At least, it is open to Douhat to make an argument on those lines. He’s not in the Euthyphro bind. He can say God wills the good because it is good (and not that it is good because God wills it). We, however, finite creatures, lack the ability to discern the good independently.
Dave Maier 05.28.12 at 3:48 pm
I think I see what you’re saying, John, but let’s put this in the context of Rorty’s much larger disagreement with Douthat. As you quote him, the latter says:
Moral problems are “genuinely meaningful and interesting” or even “coherent” only if “moral laws … correspond to an actual reality, or Reality.” Otherwise, they’re just an “ethics game” based on “aesthetic preference.” Now it’s true that Rorty [the “bad Rorty”?] sometimes talks as if he accepts this dichotomy and tries to fluff up the latter disjunct into something more substantial than it looks. (And sometimes he makes some interesting points in this vein, but overall I don’t think it’s worth it.)

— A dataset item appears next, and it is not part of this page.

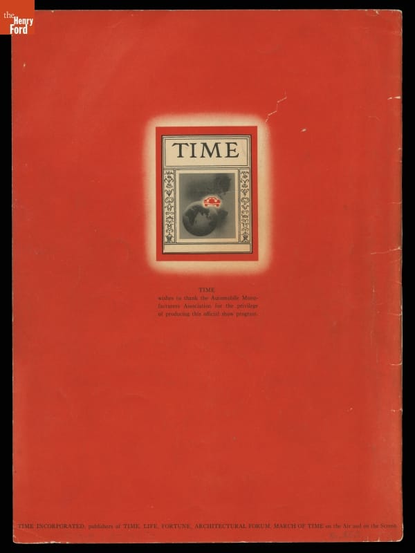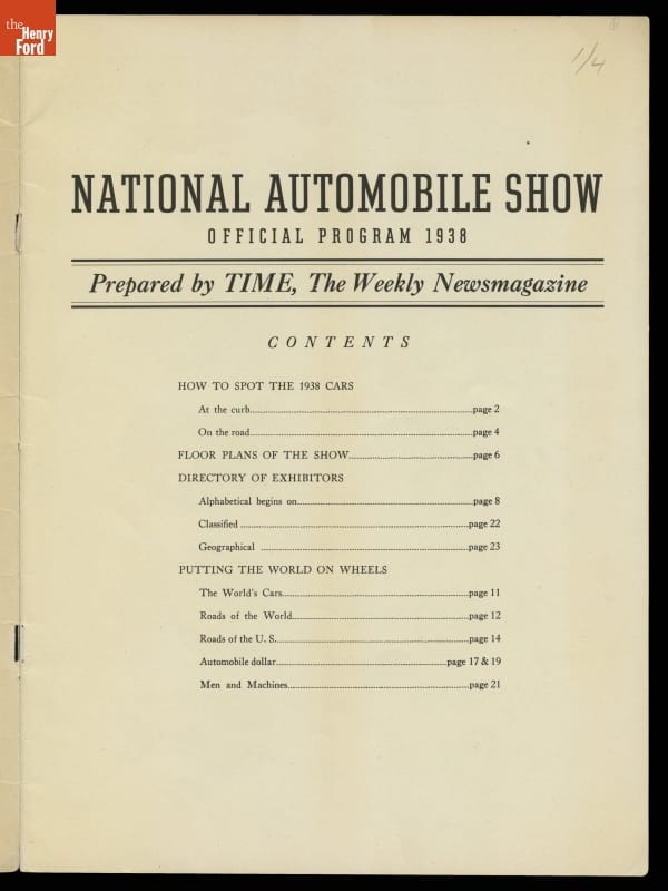 First staged in 1900, the New York Auto Show is considered the first major all-automobile show in the United States. It remains one of the world's largest and most important. This 1937 program highlights that year's show theme: "Putting the World on Wheels." The program includes a "spotter's guide" showing the major manufacturers' 1938 models.

But most of the time, or at least in the part of his work that I like, he attacks the dichotomy itself, often in the aspect of the “correspondence theory of truth” Douthat appeals to here (without argument, naturally, as if it made perfect sense). For [the “good”?] Rorty, it’s not that – in rejecting “authoritarianism” – we reject the “correspondence to Reality” of the truth we thereby abandon and try to make do with what’s left. It’s instead that we reject the idea that such “correspondence” – itself the incoherent idea by Rorty’s Davidsonian/Wittgensteinian lights – has anything to do with truth. This opens up the possibility of saying no, it’s not just aesthetic preference, our moral judgments are just as true as anything else is (and the question “and how true is that?” is just as incoherent as the notion of “correspondence”).
So Rorty’s secularist isn’t a physicalist hoping to cobble together transcendent truth from “mere” empirical observation (and surreptitiously borrowing same from Christianity and hoping no one will notice the incoherence of so doing). He sees normativity as irreducible but not thereby “transcendently real” in the platonistic manner. Unfortunately Rorty goes back and forth between his two strategies, which makes him frustrating to read.

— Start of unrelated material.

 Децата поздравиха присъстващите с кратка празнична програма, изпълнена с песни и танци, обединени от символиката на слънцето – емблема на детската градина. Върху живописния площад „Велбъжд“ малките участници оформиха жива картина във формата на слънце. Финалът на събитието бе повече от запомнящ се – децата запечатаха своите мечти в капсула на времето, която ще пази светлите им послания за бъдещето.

Actually Douthat sounds more like Fish than Rorty here. He thinks he knows the real truth, and even thinks he has a rigorous argument to that effect, but secularists are so fallen away (through sin/rebellion/etc.) from the truth that they can’t recognize this (and so resort to theft). That’s not relativism – he thinks secularism is false, not just another worldview. That’s what Fish says too. This is what justifies his (Fish’s) sophistry: if argument worked on the likes of you, we’d use that, but since it can’t, we are justified, given the truth of what we believe, in manipulating you by rhetorical means. Douthat never says that, to my knowledge, but that’s the family resemblance that jumps out at me, rather than the one to Rorty and Poetry or whatever.
Oh, and it’s “Molière”, not “Moliére”. Sister Hélène is very disappointed.
Michael Drake 05.28.12 at 3:51 pm
“If we chuck in some assumptions about human fallibility and God’s omniscience and infinite goodness, then we don’t get anything like that result.”
There’s not reason to suppose our epistemic fallibility is any more of an impediment to our knowing the good than it is to our knowing God. So even with those assumptions, same result.
Watson Ladd 05.28.12 at 3:53 pm
Chris: not without being heretical! Catholic doctrine holds that the good can be known by all, even non-Catholics. Even if you adopt that extreme position, one does have to ask what exactly is wanted given the wide range of opinions on that subject, and once again we are back in the land of reason.
Emily 05.28.12 at 3:55 pm
Wasn’t one of Foucault’s points that the ‘death of God’ led necessarily to the death of the idea of ‘Man’ – as in the rights of man and so on? I think it was in the Order of Things, don’t know if he renounced it later.
Steve LaBonne 05.28.12 at 3:58 pm
No, apparently your point is to show how clever and superior you are by defending utter gibberish. Well, whatever floats your boat.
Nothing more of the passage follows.